**What is expected:**
All of the data is to be printed exactly, though the images must be left off.

----

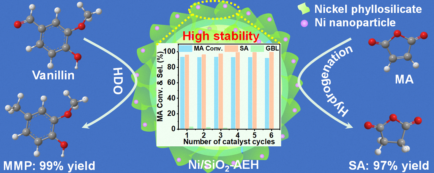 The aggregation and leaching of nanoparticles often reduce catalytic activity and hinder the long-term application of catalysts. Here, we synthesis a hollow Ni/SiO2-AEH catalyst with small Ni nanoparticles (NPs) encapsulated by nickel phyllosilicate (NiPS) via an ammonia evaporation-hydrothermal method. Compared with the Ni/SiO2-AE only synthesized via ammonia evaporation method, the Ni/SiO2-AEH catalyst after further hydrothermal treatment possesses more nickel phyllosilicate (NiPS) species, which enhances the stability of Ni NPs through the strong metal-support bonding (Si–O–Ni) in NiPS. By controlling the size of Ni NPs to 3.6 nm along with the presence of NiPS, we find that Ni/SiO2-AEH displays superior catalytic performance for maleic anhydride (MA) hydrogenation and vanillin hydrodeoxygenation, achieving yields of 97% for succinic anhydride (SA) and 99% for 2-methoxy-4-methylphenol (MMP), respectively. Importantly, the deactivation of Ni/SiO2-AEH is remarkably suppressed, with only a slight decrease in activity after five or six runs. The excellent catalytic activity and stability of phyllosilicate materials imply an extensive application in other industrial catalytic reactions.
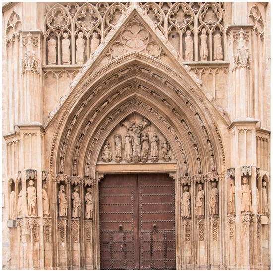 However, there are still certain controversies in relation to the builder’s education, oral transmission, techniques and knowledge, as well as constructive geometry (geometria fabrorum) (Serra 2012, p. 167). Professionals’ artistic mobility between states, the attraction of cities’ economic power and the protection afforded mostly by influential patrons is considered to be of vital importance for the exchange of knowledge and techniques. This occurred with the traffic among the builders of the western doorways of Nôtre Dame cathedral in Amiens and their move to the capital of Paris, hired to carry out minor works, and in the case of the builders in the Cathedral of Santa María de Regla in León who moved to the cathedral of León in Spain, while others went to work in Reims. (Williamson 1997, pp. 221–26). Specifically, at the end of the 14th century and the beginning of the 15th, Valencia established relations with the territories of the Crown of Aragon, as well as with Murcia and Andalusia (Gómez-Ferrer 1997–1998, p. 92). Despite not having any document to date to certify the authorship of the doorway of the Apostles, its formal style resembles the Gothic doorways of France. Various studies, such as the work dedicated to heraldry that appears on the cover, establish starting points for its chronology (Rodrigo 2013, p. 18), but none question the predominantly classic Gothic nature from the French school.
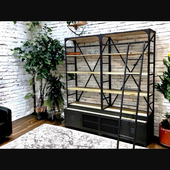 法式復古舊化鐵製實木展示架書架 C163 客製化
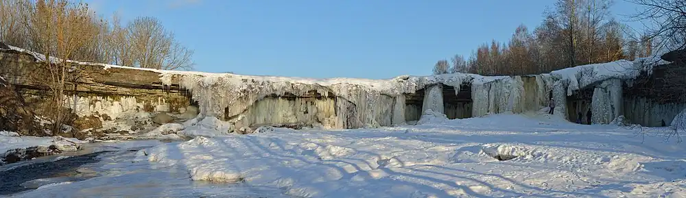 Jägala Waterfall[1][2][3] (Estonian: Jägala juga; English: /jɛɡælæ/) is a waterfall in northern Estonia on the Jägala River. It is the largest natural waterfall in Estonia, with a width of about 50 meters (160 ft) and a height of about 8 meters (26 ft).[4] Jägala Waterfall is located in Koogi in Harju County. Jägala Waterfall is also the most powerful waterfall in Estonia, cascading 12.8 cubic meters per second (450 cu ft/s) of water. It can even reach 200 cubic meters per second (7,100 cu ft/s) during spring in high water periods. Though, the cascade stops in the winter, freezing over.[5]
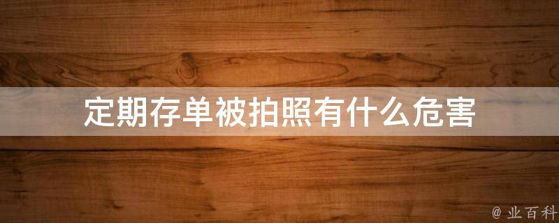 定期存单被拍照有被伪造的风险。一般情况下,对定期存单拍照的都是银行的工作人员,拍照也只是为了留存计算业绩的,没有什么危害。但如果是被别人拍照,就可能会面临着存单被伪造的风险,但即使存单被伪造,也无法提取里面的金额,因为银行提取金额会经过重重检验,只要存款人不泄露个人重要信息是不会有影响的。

----

**Task result:**
 The aggregation and leaching of nanoparticles often reduce catalytic activity and hinder the long-term application of catalysts. Here, we synthesis a hollow Ni/SiO2-AEH catalyst with small Ni nanoparticles (NPs) encapsulated by nickel phyllosilicate (NiPS) via an ammonia evaporation-hydrothermal method. Compared with the Ni/SiO2-AE only synthesized via ammonia evaporation method, the Ni/SiO2-AEH catalyst after further hydrothermal treatment possesses more nickel phyllosilicate (NiPS) species, which enhances the stability of Ni NPs through the strong metal-support bonding (Si–O–Ni) in NiPS. By controlling the size of Ni NPs to 3.6 nm along with the presence of NiPS, we find that Ni/SiO2-AEH displays superior catalytic performance for maleic anhydride (MA) hydrogenation and vanillin hydrodeoxygenation, achieving yields of 97% for succinic anhydride (SA) and 99% for 2-methoxy-4-methylphenol (MMP), respectively. Importantly, the deactivation of Ni/SiO2-AEH is remarkably suppressed, with only a slight decrease in activity after five or six runs. The excellent catalytic activity and stability of phyllosilicate materials imply an extensive application in other industrial catalytic reactions.
 However, there are still certain controversies in relation to the builder’s education, oral transmission, techniques and knowledge, as well as constructive geometry (geometria fabrorum) (Serra 2012, p. 167). Professionals’ artistic mobility between states, the attraction of cities’ economic power and the protection afforded mostly by influential patrons is considered to be of vital importance for the exchange of knowledge and techniques. This occurred with the traffic among the builders of the western doorways of Nôtre Dame cathedral in Amiens and their move to the capital of Paris, hired to carry out minor works, and in the case of the builders in the Cathedral of Santa María de Regla in León who moved to the cathedral of León in Spain, while others went to work in Reims. (Williamson 1997, pp. 221–26). Specifically, at the end of the 14th century and the beginning of the 15th, Valencia established relations with the territories of the Crown of Aragon, as well as with Murcia and Andalusia (Gómez-Ferrer 1997–1998, p. 92). Despite not having any document to date to certify the authorship of the doorway of the Apostles, its formal style resembles the Gothic doorways of France. Various studies, such as the work dedicated to heraldry that appears on the cover, establish starting points for its chronology (Rodrigo 2013, p. 18), but none question the predominantly classic Gothic nature from the French school.
 法式復古舊化鐵製實木展示架書架 C163 客製化
 Jägala Waterfall[1][2][3] (Estonian: Jägala juga; English: /jɛɡælæ/) is a waterfall in northern Estonia on the Jägala River. It is the largest natural waterfall in Estonia, with a width of about 50 meters (160 ft) and a height of about 8 meters (26 ft).[4] Jägala Waterfall is located in Koogi in Harju County. Jägala Waterfall is also the most powerful waterfall in Estonia, cascading 12.8 cubic meters per second (450 cu ft/s) of water. It can even reach 200 cubic meters per second (7,100 cu ft/s) during spring in high water periods. Though, the cascade stops in the winter, freezing over.[5]
 定期存单被拍照有被伪造的风险。一般情况下,对定期存单拍照的都是银行的工作人员,拍照也只是为了留存计算业绩的,没有什么危害。但如果是被别人拍照,就可能会面临着存单被伪造的风险,但即使存单被伪造,也无法提取里面的金额,因为银行提取金额会经过重重检验,只要存款人不泄露个人重要信息是不会有影响的。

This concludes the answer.